## PROMPT
Could you reproduce, from the records below, everything from the line with "4. Measure the" down to the line with "Culicoides punctatus (Mg.)", keeping both of those lines and changing nothing?

## DATA TO EXAMINE
◇ ◇ ◇ ◇ ◇

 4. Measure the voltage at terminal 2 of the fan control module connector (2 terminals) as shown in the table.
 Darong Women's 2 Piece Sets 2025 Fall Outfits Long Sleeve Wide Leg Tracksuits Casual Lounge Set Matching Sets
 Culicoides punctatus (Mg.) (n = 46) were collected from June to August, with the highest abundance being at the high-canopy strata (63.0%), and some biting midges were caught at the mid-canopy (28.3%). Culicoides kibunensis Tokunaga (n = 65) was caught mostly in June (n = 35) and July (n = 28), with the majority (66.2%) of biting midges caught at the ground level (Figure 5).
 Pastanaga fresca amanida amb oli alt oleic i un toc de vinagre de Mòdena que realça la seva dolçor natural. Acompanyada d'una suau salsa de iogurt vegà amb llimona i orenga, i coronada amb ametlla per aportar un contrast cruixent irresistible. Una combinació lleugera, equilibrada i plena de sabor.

◇ ◇ ◇ ◇ ◇

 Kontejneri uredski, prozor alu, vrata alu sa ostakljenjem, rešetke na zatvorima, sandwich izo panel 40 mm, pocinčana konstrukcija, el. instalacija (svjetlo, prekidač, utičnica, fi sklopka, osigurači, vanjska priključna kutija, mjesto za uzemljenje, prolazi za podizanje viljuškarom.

◇ ◇ ◇ ◇ ◇

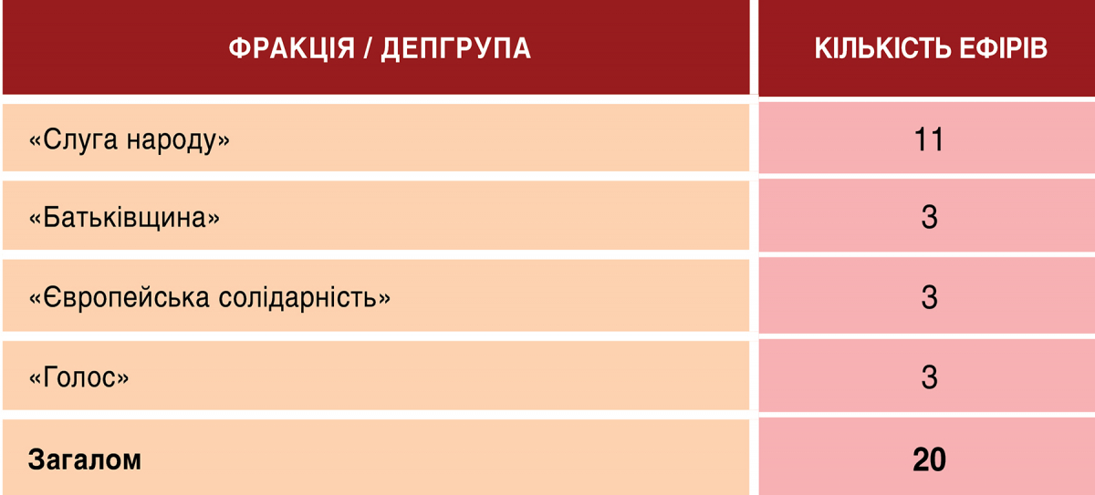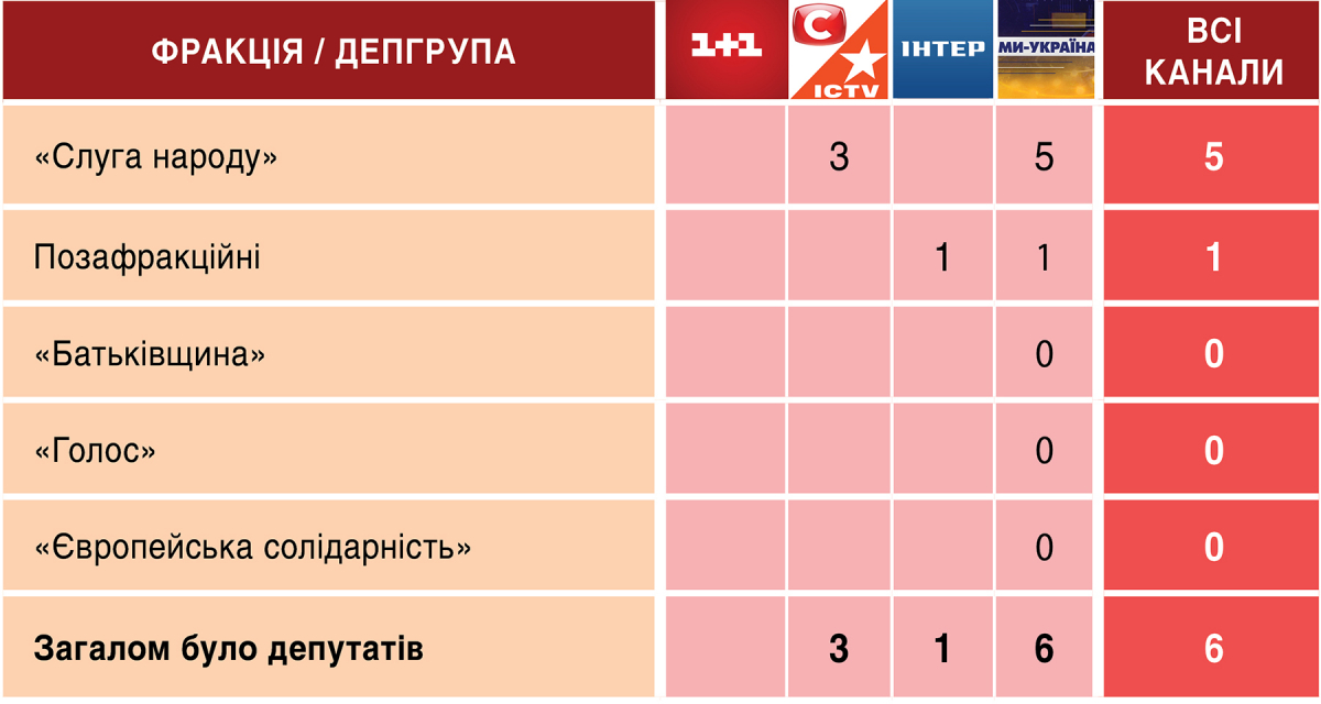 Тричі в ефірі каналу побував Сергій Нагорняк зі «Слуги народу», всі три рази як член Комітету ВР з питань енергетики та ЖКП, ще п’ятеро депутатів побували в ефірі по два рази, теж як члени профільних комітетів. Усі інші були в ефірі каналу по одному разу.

◇ ◇ ◇ ◇ ◇

## RESULT OF THE TASK
 4. Measure the voltage at terminal 2 of the fan control module connector (2 terminals) as shown in the table.
 Darong Women's 2 Piece Sets 2025 Fall Outfits Long Sleeve Wide Leg Tracksuits Casual Lounge Set Matching Sets
 Culicoides punctatus (Mg.) (n = 46) were collected from June to August, with the highest abundance being at the high-canopy strata (63.0%), and some biting midges were caught at the mid-canopy (28.3%). Culicoides kibunensis Tokunaga (n = 65) was caught mostly in June (n = 35) and July (n = 28), with the majority (66.2%) of biting midges caught at the ground level (Figure 5).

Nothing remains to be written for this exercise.